Resolving ambiguous direction of arrival of weak meteor radar trail echoes

Abstract. Meteor phenomena cause ionized plasmas that can be roughly divided into two distinctly different regimes: a dense and transient plasma region co-moving with the ablating meteoroid and a trail of diffusing plasma left in the atmosphere and moving with the neutral wind. Interferometric radar systems are used to observe the meteor trails and determine their positions and drift velocities. Depending on the spatial configuration of the receiving antennas and their individual gain patterns, the voltage response can be the same for several different plane wave Directions Of Arrival (DOA), thereby making it impossible to determine the correct direction. Noise can create the same effect even if the system contains no theoretical ambiguities. We propose a method for interferometric meteor trail radar data analysis using coherent integration of the signal spatial correlation to resolve DOA ambiguities.

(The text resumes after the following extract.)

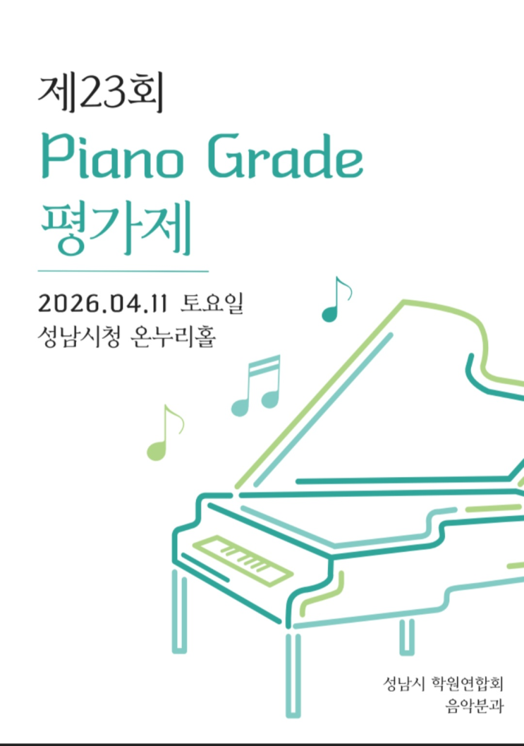 지난 2026년 4월 11일(토) 성남시청 온누리홀에서 진행된 제23회 Piano Grade 평가제에 태평동 예일음악학원 학생들이 참가하여 전원 합격이라는 좋은 결과를 얻었습니다 Piano Grade 평가제란? 연주 후 교수진에게 실기 평가를 받는 방식으로 무대 경험과 함께 실력 향상을 확인할 수 있는 평가입니다 단순 콩쿨과 달리 아이들이 현재 실력을 점검하고 다음 단계로 성장할 수 있는 의미 있는 과정입니다 합격자 명단 G-8급 연ㅇ영(수진초1) 이ㅇ은(성남서초1) 김ㅇ재(수진초2) 이ㅇ인(성남서초2) 장ㅇ진(수정초2) G-7급 윤ㅇ연(수진초2) 김ㅇ령(성수초3) 곽ㅇ원(성수초3) 류ㅇ혁(성수초3) G-6급 백ㅇ율(성수초3) 정ㅇ온(성남서초3) 나ㅇ서....... <img src="https://blogthumb.pstatic.net/MjAyNjA0MTVfNyAg/MDAxNzc2MjE1MzE2MjIy.OxtfxZM-jBHR-FPe7jzHpNFuLBSEvRBK52uu1pzEK18g.ivcK-5_EadAxCxlwgESLtWBgJo4VQRhUqRpgmgpvsiYg.PNG/image.png?type=s3" />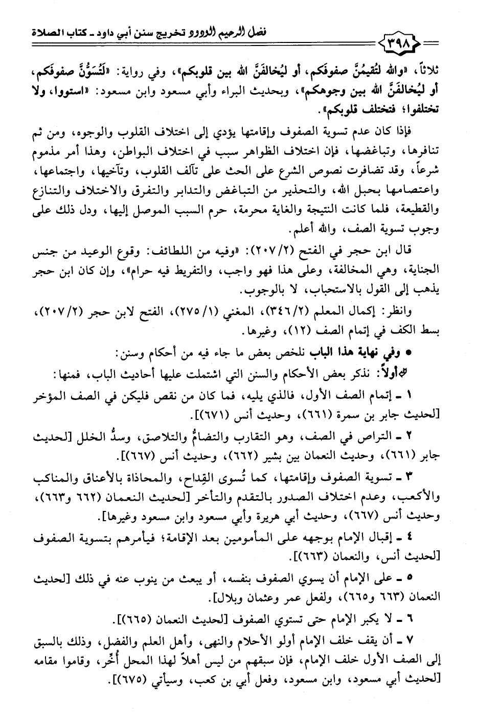 ٣ - تسوية الصفوف وإقامتها، كما تُسوى القِداح، والمحاذاة بالأعناق والمناكب والأكعب، وعدم اختلاف الصدور بالتقدم والتأخر [لحديث النعمان (٦٦٢ و ٦٦٣)، وحديث أَنس (٦٦٧)، وحديث أبي هريرة وأبي مسعود وابن مسعود وغيرها].

We have validated the method by a combination of Monte Carlo simulations and application on 10 minutes of measurement data (174 meteor events) obtained with the Sodankylä Geophysical Observatory SKiYMET all-sky interferometric meteor radar. We also applied a Bayesian method to determine the true location of ambiguous events in the data set. In 26 out of 27 (~ 96 %) ambiguous cases, the coherently integrated spatial correlation gave the correct output DOA as determined by Bayesian inference. In the one case that was mis-classified there were not enough radar pulses to coherently integrate for the method to be effective.